- Katima Mulilo Urban constituency (red) in the Zambezi Region
- Region: Zambezi Region
- Population: 46401
- Major settlements: Katima Mulilo
- Area: 44.94 km²

Current constituency
- Created: 1998
- Created from: Katima Mulilo Constituency

= Katima Mulilo Urban =

Electoral constituency in Namibia's Zambezi Region

Katima Mulilo Urban is a constituency in Namibia's Zambezi Region. It comprises most of the townlands of the region's capital, Katima Mulilo. The constituency has a population of 46,401 people, covers an area of 44.94 km², and has a population density of 1,033/km².

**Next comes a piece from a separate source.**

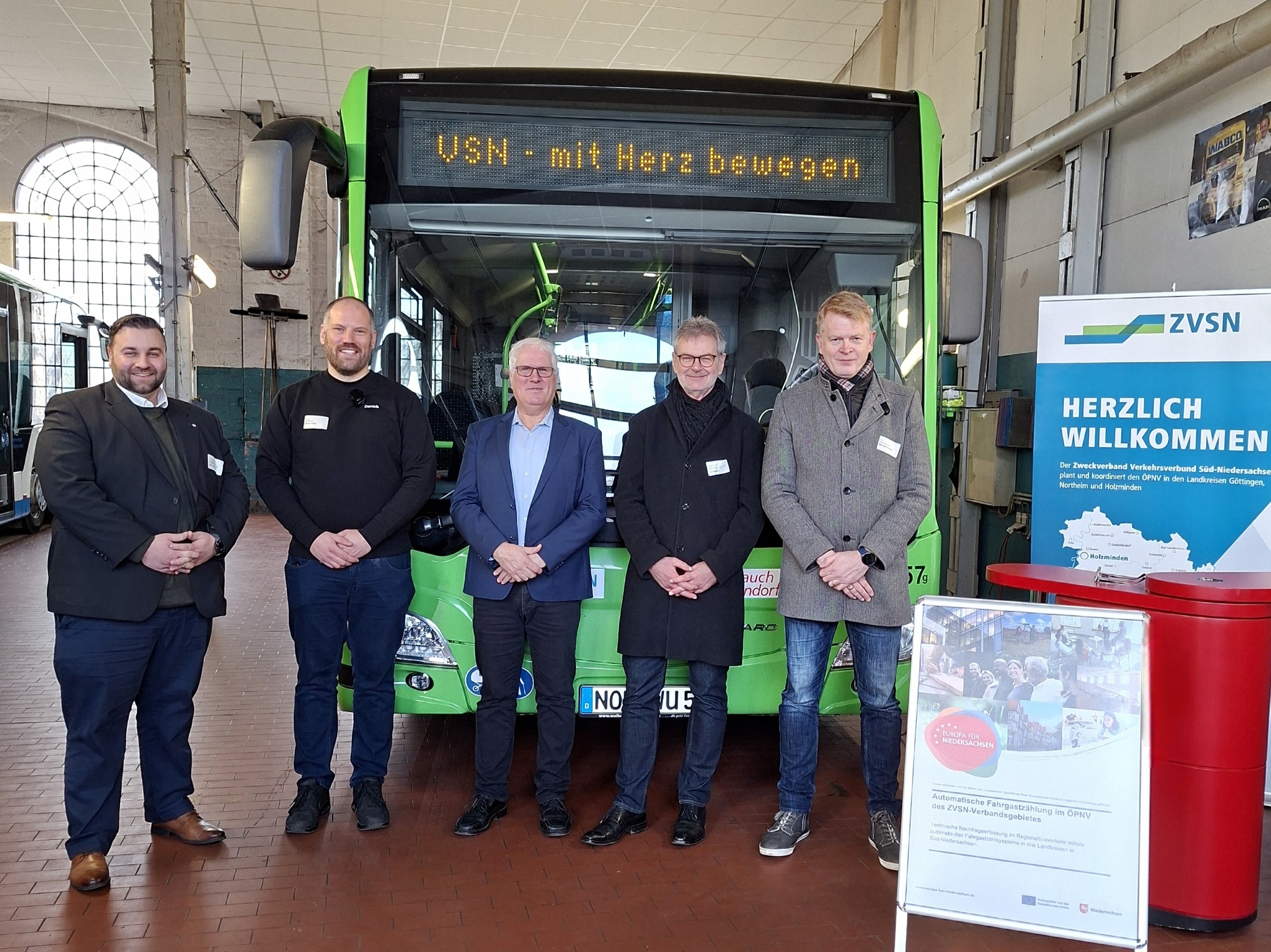 Der Zweckverband Verkehrsverbund Süd-Niedersachsen (ZVSN) hat auf dem Betriebshof der Regionalbus Braunschweig GmbH (RBB) in Holzminden den Start der technischen Einbauphase der Zählsensoren für die neuen automatischen Fahrgastzählsysteme (AFZS) vorgestellt. Im Rahmen des EU-Förderprogramms „Zukunftsregionen in Niedersachsen“ werden insgesamt 122 Busse in den Landkreisen Göttingen, Holzminden und Northeim mit moderner Zähltechnik ausgestattet. Das Land Niedersachsen unterstützt das Projekt mit rund 398.500 Euro.
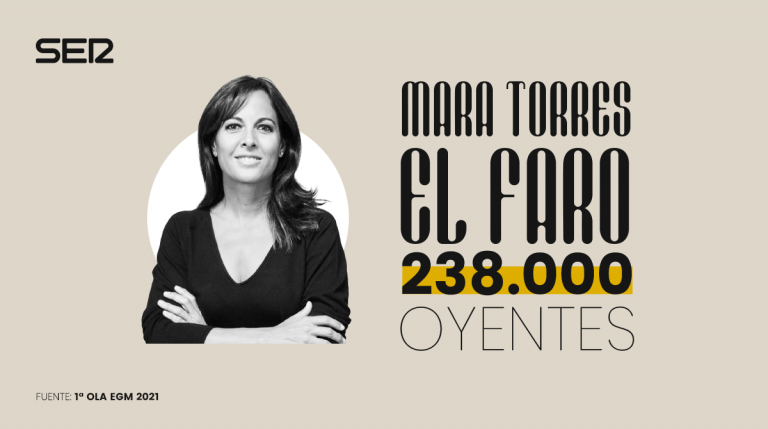 De madrugada, El Faro de Mara Torres se sitúa en 238.000 oyentes como el programa más escuchado de la madrugada.

Katima Mulilo Urban Constituency was established in 1998 following the recommendation of the Second Delimitation Commission of Namibia. The former Katima Mulilo Constituency was divided into Katima Mulilo Rural and Katima Mulilo Urban Constituencies in preparation for the 1998 general election.

==Politics==

Katima Mulilo is traditionally a stronghold of the South West Africa People's Organization (SWAPO) party. In the 2004 regional election, SWAPO candidate Bernard Sibalatani received 3,751 of the 4,847 votes cast.

Councillor Sibalatani (SWAPO) was re-elected in 2015 with 2,267 votes. His closest competitor, Robert Tariso Matongela of the Rally for Democracy and Progress (RDP), received 278 votes. Independent candidate Linus Lifasi Muchila came third with 239 votes, while Fred Waluka Mola of the Democratic Turnhalle Alliance (DTA) finished last with 154 votes.

In the 2020 regional election there were 13,860 registered voters. John Muchila Mukaya (SWAPO) was elected as Katima Mulilo Urban Constituency councillor with 1,831 votes. Mweti Marklee Matengu (PDM) came second with 557 votes, followed by independent candidate Poniso Shrunk Kubwima, who received 369 votes.

===National elections===
In the 2004 presidential election, Katima Mulilo Urban voted overwhelmingly for Hifikepunye Pohamba (SWAPO). With approximately 72% of the vote, Pohamba earned about the same percentage as he did nationally. However, the constituency voted strongly for Ben Ulenga of the Congress of Democrats (CoD), who received 1299 (17%) votes, which was more than 10% higher than his national vote total.